Hi F4UDOA,
>How would you calculate that?
If you've got performance curves for a given data point, you just have to assume a reasonable propeller efficiency and then can extrapolate the data for another point in the envelope.
>That is exactly what I thought except I can't figure out why the top speed is the same when you have such a huge increase(200HP) in available HP.
The two capped pylons seem to eat up 200 HP of shaft power at top speed. If the Aces High F4U-4 is faster at the same climb than the NAVAIR F4U-4, one might guess it doesn't have the pylons.
However, the inconsistency between Aces High and NAVAIR is bigger than that. The shape of the climb graph indeed looks more like 2400 HP graph, so the lower climb rate would suggest a heavier aircraft. With 2400 HP and no pylons, you'd get the same top speed as with 2600 HP and the pylons in place. Still, you'd need a 14000 lbs Corsair to get the climb rate at 2400 HP down to Aces High level is you're using the NAVAIR document as a basis, and this seems a bit much.

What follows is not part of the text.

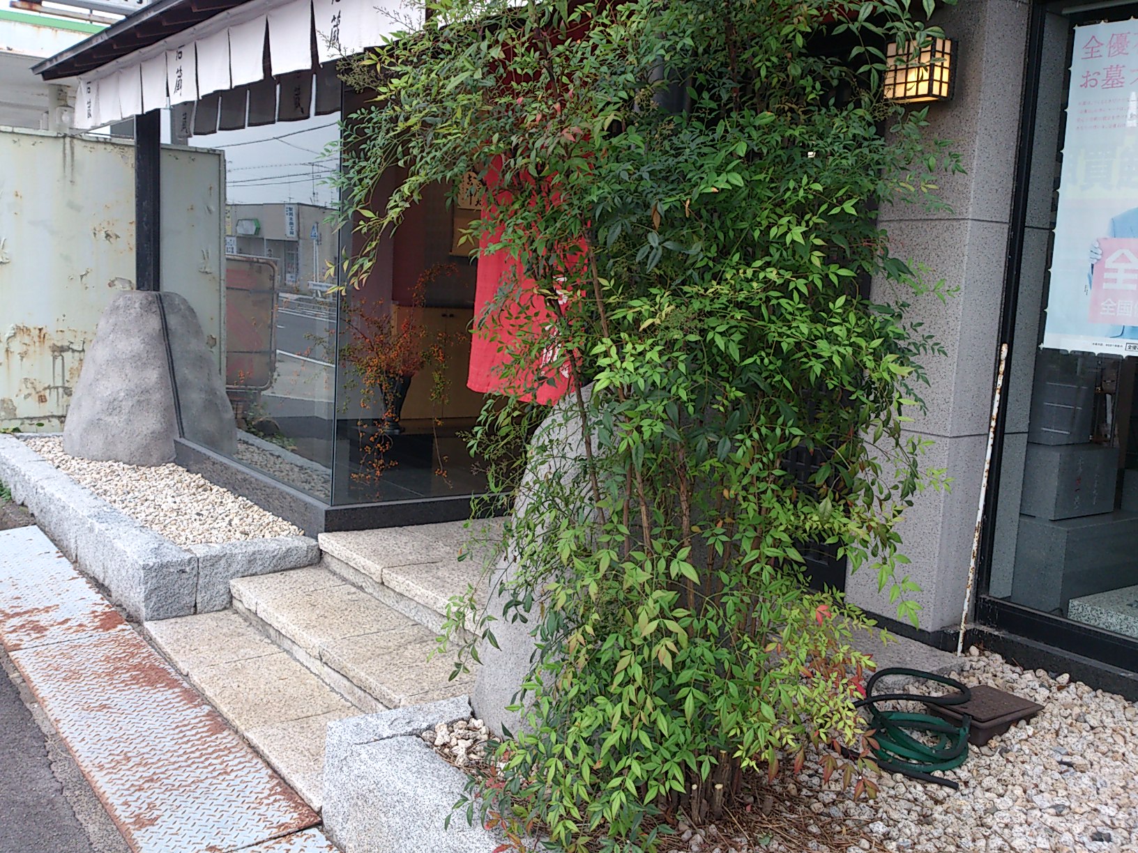 暖簾を設置の際、のびてきたことに気付き、女性陣監督にて枝切りハサミで剪定しました。

>I have two other F4U charts showing climb at 60" MAP with climbs of 4,000FPM to 4,400FPM at sea level. But they all show the same top speed as the NAVAIR chart.

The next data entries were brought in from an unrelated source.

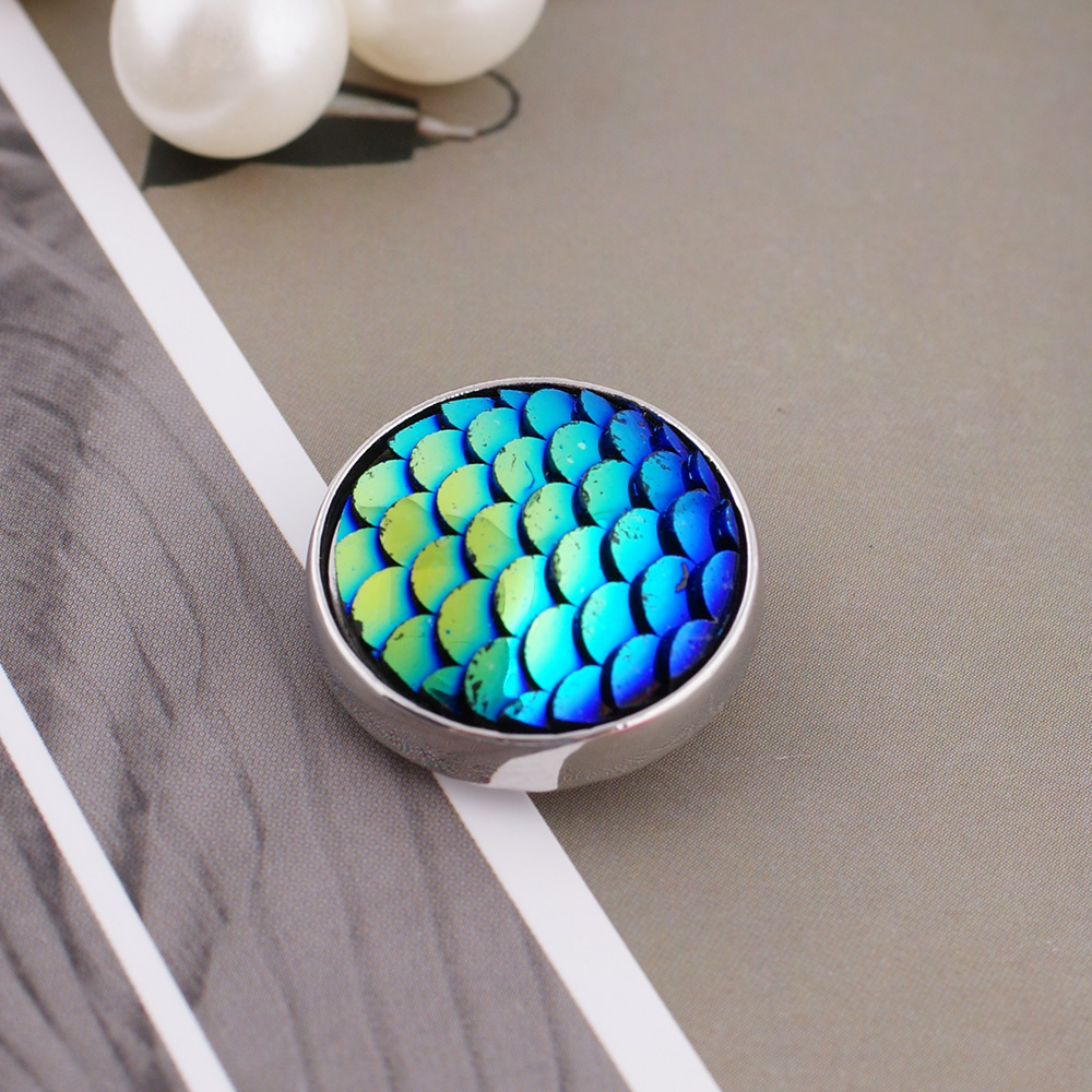 Iridescent blue and gold scales shimmer beautifully in this mermaid-inspired snap, perfect for adding oceanic magic to your look.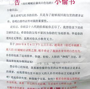 小陳在《告小偷書》中寫到:“假若你把我包里的證件寄給我,或者以其他的方式給我,無論是什么樣的方法,我一切遵從你的要求,我將施與你500元作為補(bǔ)償。因?yàn)槲沂敲麑W(xué)生,無更多的經(jīng)濟(jì)能力!衷心希望與你私下和解此事!”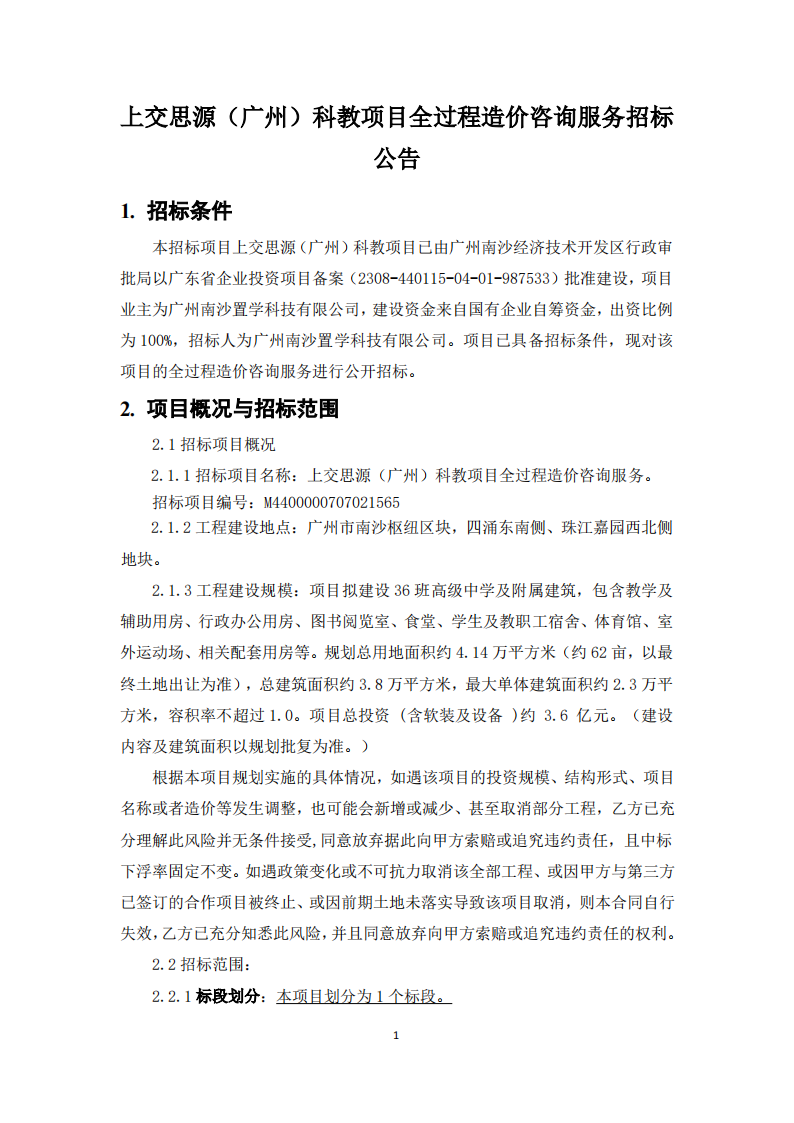上交思源(广州)科教项目全过程造价咨询服务招标公告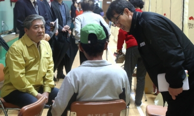 송 의장은 이날 오후 고성군 토성면사무소 산불현장통합지휘본부와 천진초등학교 체육관에 차려진 이재민 대피소를 잇따라 방문했다. 그는 “아픔을 나누는 데 동참하겠다”며 120여 이재민을 위로하고 수건·칫솔·치약 등 300만 원 상당의 재난구호품을 전달했다.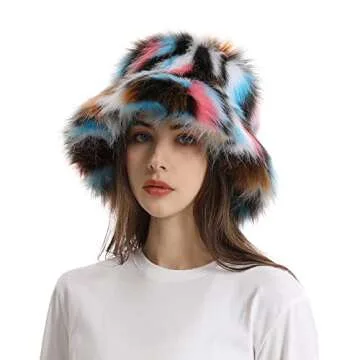 Fuzzy Bucket Hat for Women Winter Fluffy Furry Plush Faux Fur Hats Rainbow Cute Women's Bucket Hats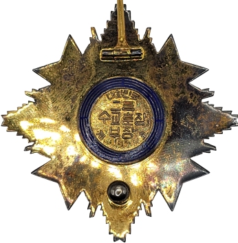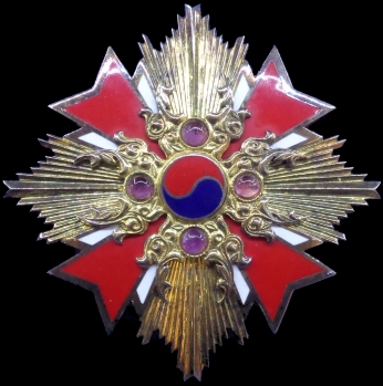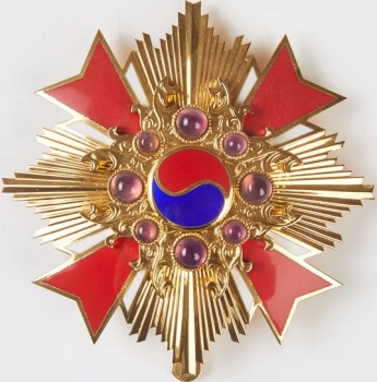On Oct. 23, 1974, under Presidential Decree #7289, the first class of the Order, the Gwanghwa Class, was split into two grades. The new grade of the first class was named the Grand Gwanghwa. This new 1st Grade of the 1st Class can be readily identified by the 8 purple cabochons around the centers of the pendant and breast star. There are no changes to the remaining classes.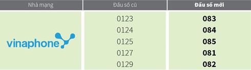 Đầu số 0123, 0124, 0125, 0127, 0129 của VinaPhone đổi thành gì?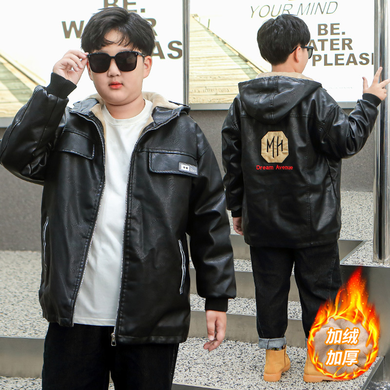통통한 소년의 큰 소년의 겨울 가죽 코트 기모 두꺼운 퀼트 겨울 재킷 느슨한 지방 초대형 탑스토어 가기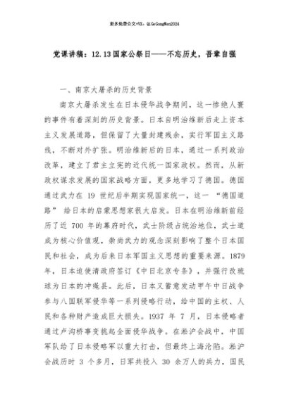 【七哥公文】2024年:国家公祭日爱国教育党课讲稿:纪念南京大屠杀——不忘历史,吾辈自强+更多免费公文+VX:QiGeGongWen2024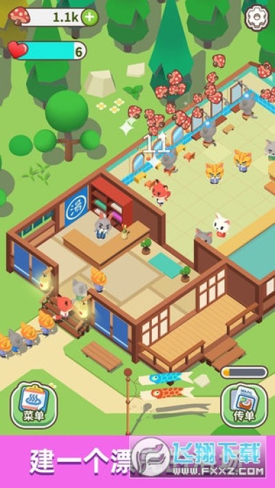 温泉、木屋、森林。卡通制作,贴合森林元素,游戏角色都是可爱的小动物,让人沉浸其中。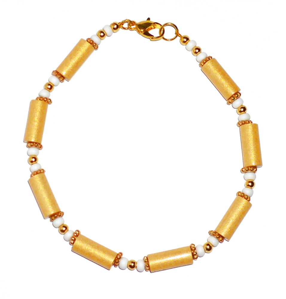 Shimmery Gold and White Paper Bead Bracelet Anklet
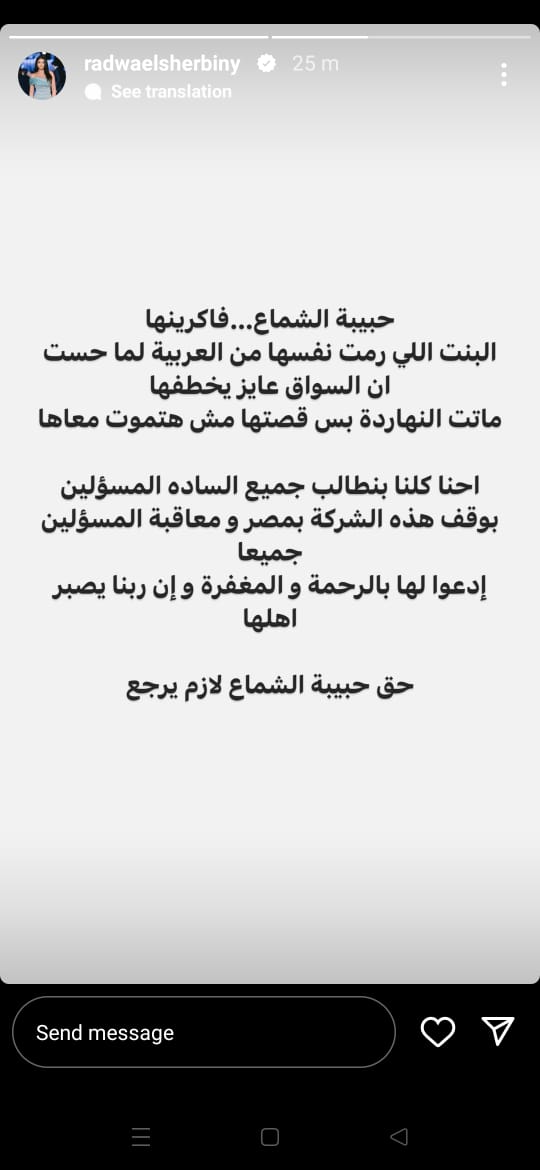 وكتبت رضوى الشربيني ستوري عبر حسابها الشخصي بـ موقع تبادل الصور والفيديوهات القصيرة انستجرام، قالت فيها: حبيبة الشماع فاكرينها، البنت اللي رمت نفسها من العربية لما حست أن السواق عايز يخطفها.. ماتت النهاردة بس قصتها مش هتموت معاها.

60" Hg should be equivalent to the 2400 HP I mentioned, so these planes probably didn't have the pylons either.
Another consideration would be that the Aces High F4U-4 could have a different propeller than the NAVAIR F4U-4 that gives less climb power, but more top-speed power. (That would imply the Aces High F4U-4 has the pylons, too.) The difference might be a bit too large to explained this way, though.
The NAVAIR document gives the propeller as 6501A-0 - do you know of any other propeller types used with the F4U-4?